Populate a hash from a list elegantly

U

usenet

Kindly consider this sample code, if you will, which illustrates my
question. This code works just fine and does exactly what I want,
but... I dunno... I just don't like the approach I've taken. At first,
I thought to approach this with a split() (using a limit of 1) instead
of a regexp, but I couldn't figure out how to make that work in
anything other than a convoluted manner. I'm interested in maybe
learning different techniques from others who may approach the task
differently.

#!/usr/bin/perl
use strict; use warnings;

my %user; # keys are userid's, values are names
while (my $line = <DATA>) {
$line =~ m{^(\w+) +(.*)$} and $user{$1} = $2;
}
print map { "'$_'\t=>\t'$user{$_}'\n" } sort keys %user;

__DATA__
fredf Fred Flintstone
Barn Barney Rubble
bogus
WF Wilma Flintstone
betty Betty Rubble
 
R

robic0

Kindly consider this sample code, if you will, which illustrates my
question. This code works just fine and does exactly what I want,
but... I dunno... I just don't like the approach I've taken. At first,
I thought to approach this with a split() (using a limit of 1) instead
of a regexp, but I couldn't figure out how to make that work in
anything other than a convoluted manner.

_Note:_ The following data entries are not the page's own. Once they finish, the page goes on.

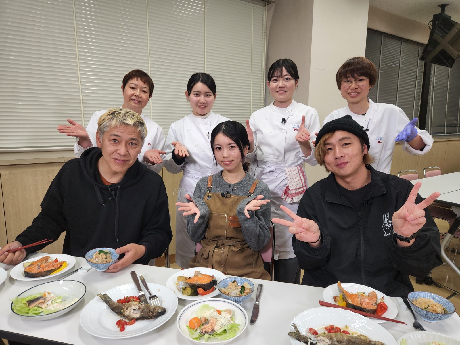 番組の後編では、坂戸キャンパスの調理実習室にて学生が釣った魚を調理している様子、出演者のみなさんに召し上がっていただいている様子が放映されました。
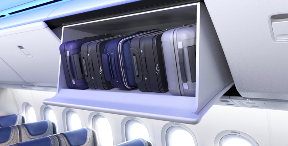 Eine weitere Neuerung wird es auch bei den Gepäckfächern geben, diese hat Boeing für die 777X komplett neu gestalten. So fällt hier auf, dass sie nicht mehr nach außen hin abgerundet sind, wie in der Boeing 777-300er, sondern gerade, was eine „luftigere“ Kabine schaffen soll. Gleichzeitig lassen sich in den neuen Gepäckfächern mehr Handgepäckskoffer verstauen.
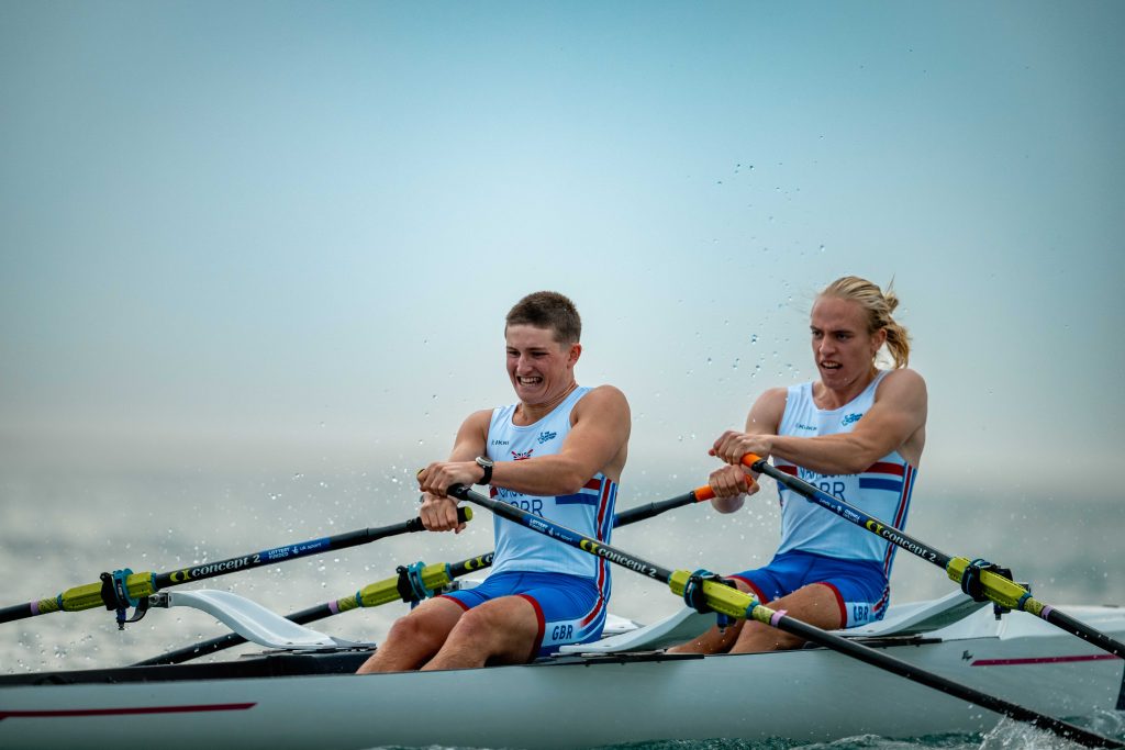 The final U19 race saw Thomas Biddle and Olivia Hodgson finish eighth overall taking the final direct last 16 spot in the U19 Coastal Mixed double sculls (CJMix2x) in a time of 02:38.51.
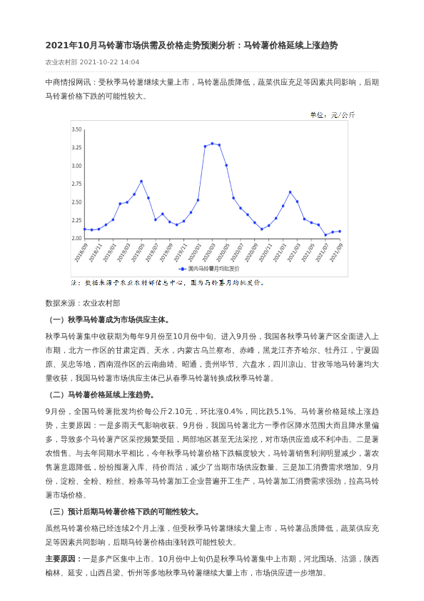 【中商产业研究院】【202110】2021年10月马铃薯市场供需及价格走势预测分析-2页
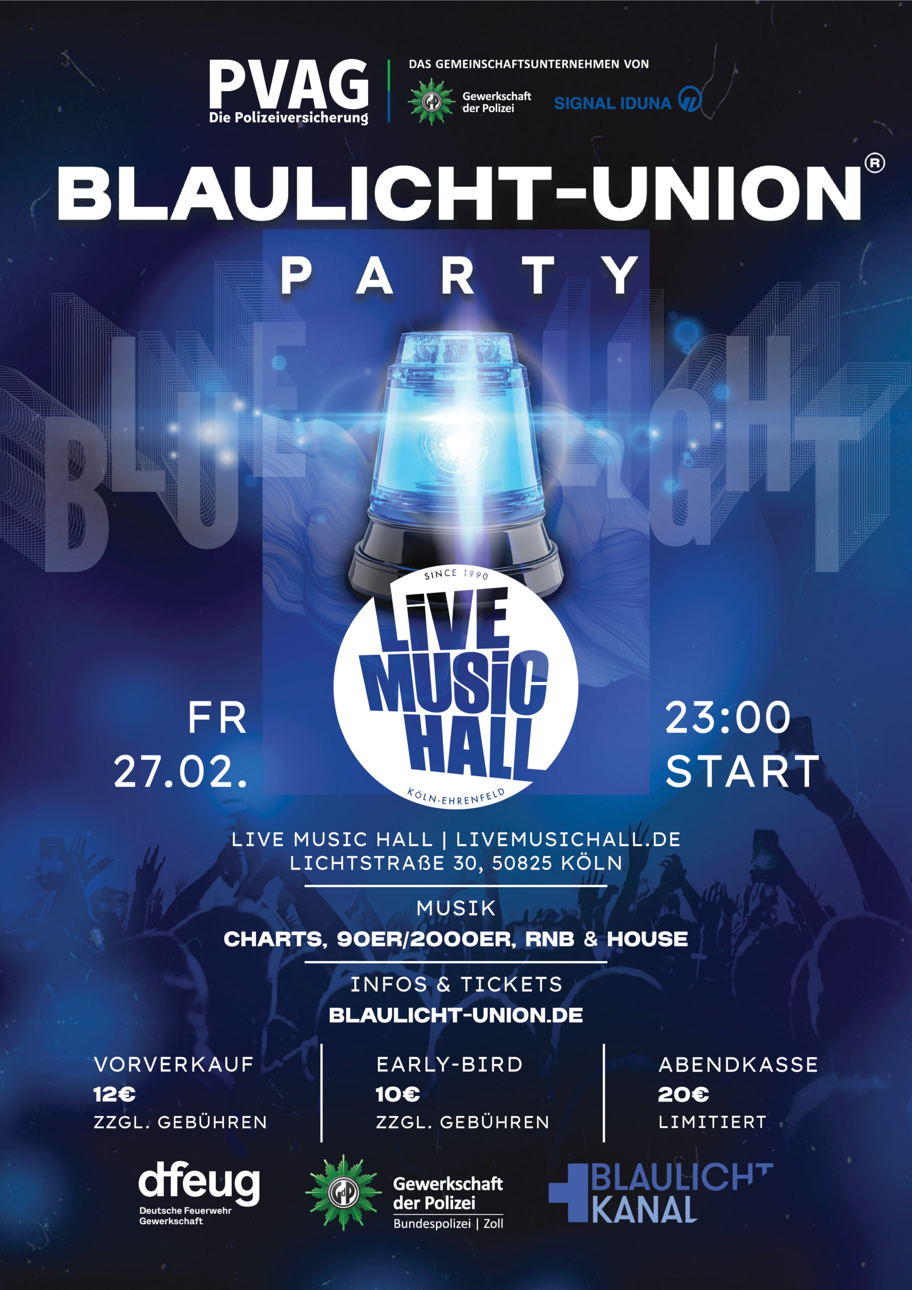 Die Blaulicht-Union Party findet erneut in Köln statt. Fernab vom täglichen Dienst dient die Live Music Hall dabei als perfekte Location, um unter Gleichgesinnten zu feiern, entspannte Gespräche und Small Talk bei kühlen Drinks zu führen. Aus diesem Grund werden aus ganz Köln und Umgebung Polizisten, Feuerwehrleute, Krankenschwestern, Ärzte, Sanitäter und all diejenigen, die rund um die Uhr für das Wohl ihrer Mitmenschen arbeiten, erwartet. Auch Freunde von Helfern und Rettern sind herzlich eingeladen.
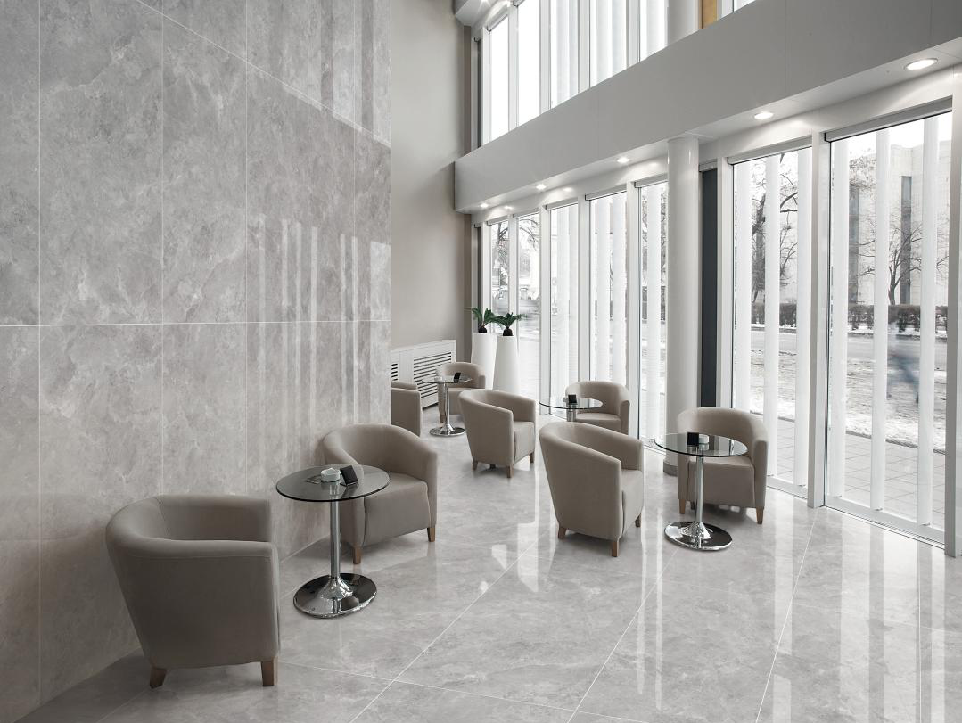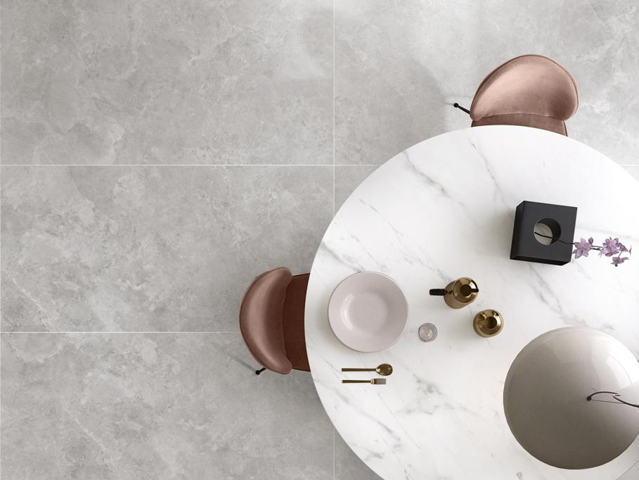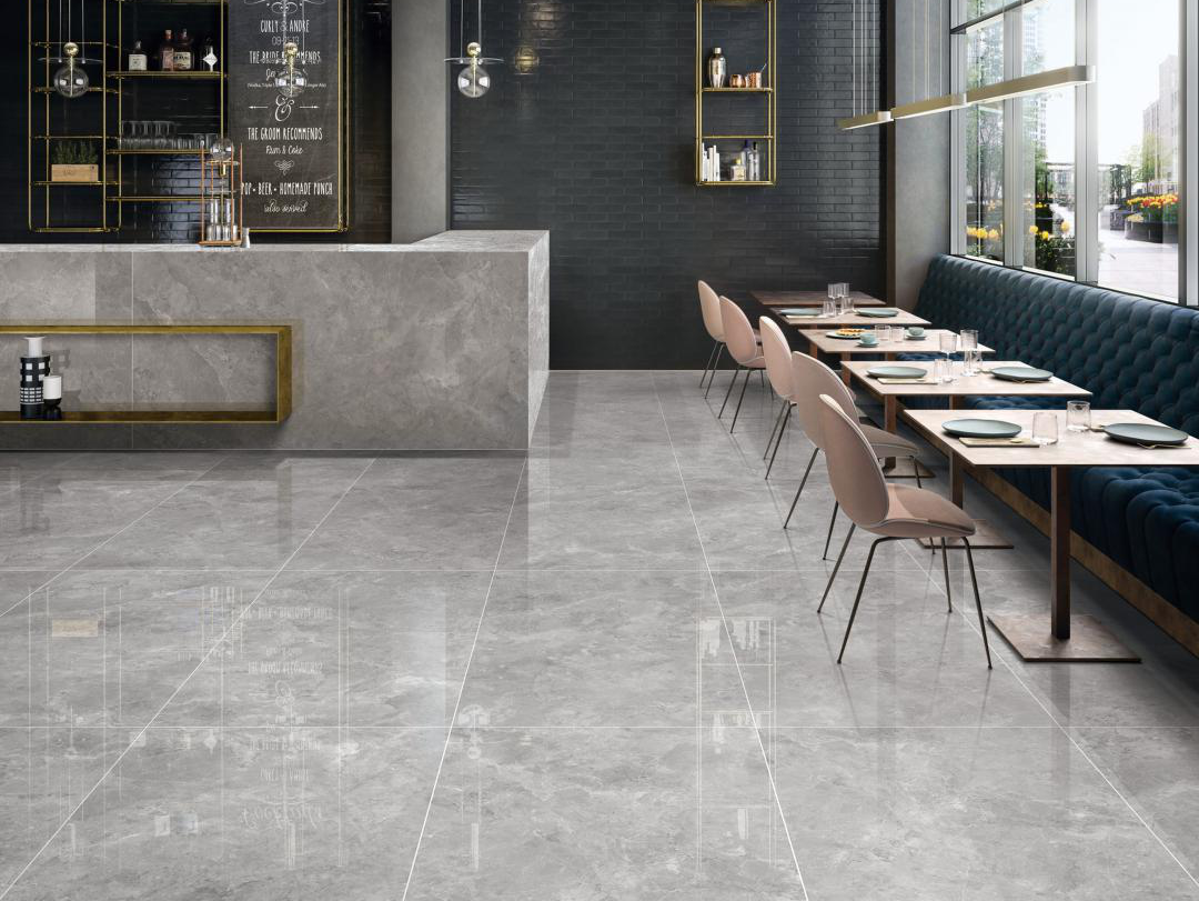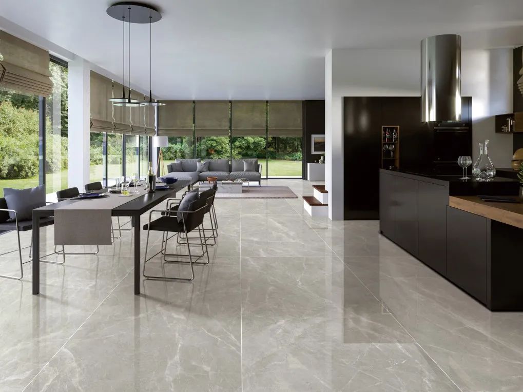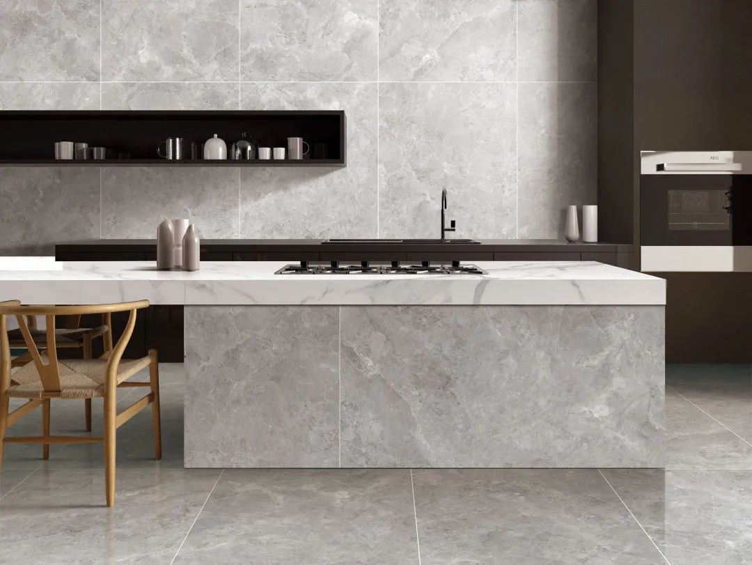 Using the advantages of "Lucratia" one stone and two sides (bright surface + matte surface), the bright wall and matte floor can meet the physical requirements of anti-skid and easy cleaning of the kitchen space.

I'm interested in maybe
learning different techniques from others who may approach the task
differently.

#!/usr/bin/perl
use strict; use warnings;

my %user; # keys are userid's, values are names
while (my $line = <DATA>) {
$line =~ m{^(\w+) +(.*)$} and $user{$1} = $2;
}
print map { "'$_'\t=>\t'$user{$_}'\n" } sort keys %user;

__DATA__
fredf Fred Flintstone
Barn Barney Rubble
bogus
WF Wilma Flintstone
betty Betty Rubble

Nothing wrong with what you have, but give yourself some diagnostic leeway...

my ($line);
while ($line = <DATA>) {
if ($line =~ /^\s+(\w+)\s+(.*?)\s+$/) {
$user{$1} = $2;
} else {
print "no match for: <$line>\n";
}
}
 
R

robic0

Nothing wrong with what you have, but give yourself some diagnostic leeway...

my ($line);
while ($line = <DATA>) {
if ($line =~ /^\s+(\w+)\s+(.*?)\s+$/) {
$user{$1} = $2;
} else {
print "no match for: <$line>\n";
}
}
excuse me, use this:

if ($line =~ /^\s*(\w+)\s*(.*?)\s*$/) {
 
R

robic0

Too much good wine, use this:

if ($line =~ /^\s*(\w+)\s+(.*?)\s*$/) {

As a general rule in your circumstance, use "split" when a nearly
"homogenous" pattern is assured. Homogenous in the sence that only the
delimiter can be described as a pattern. The source has to be known
to a %99.999 assurance, something output from like an excell csv file.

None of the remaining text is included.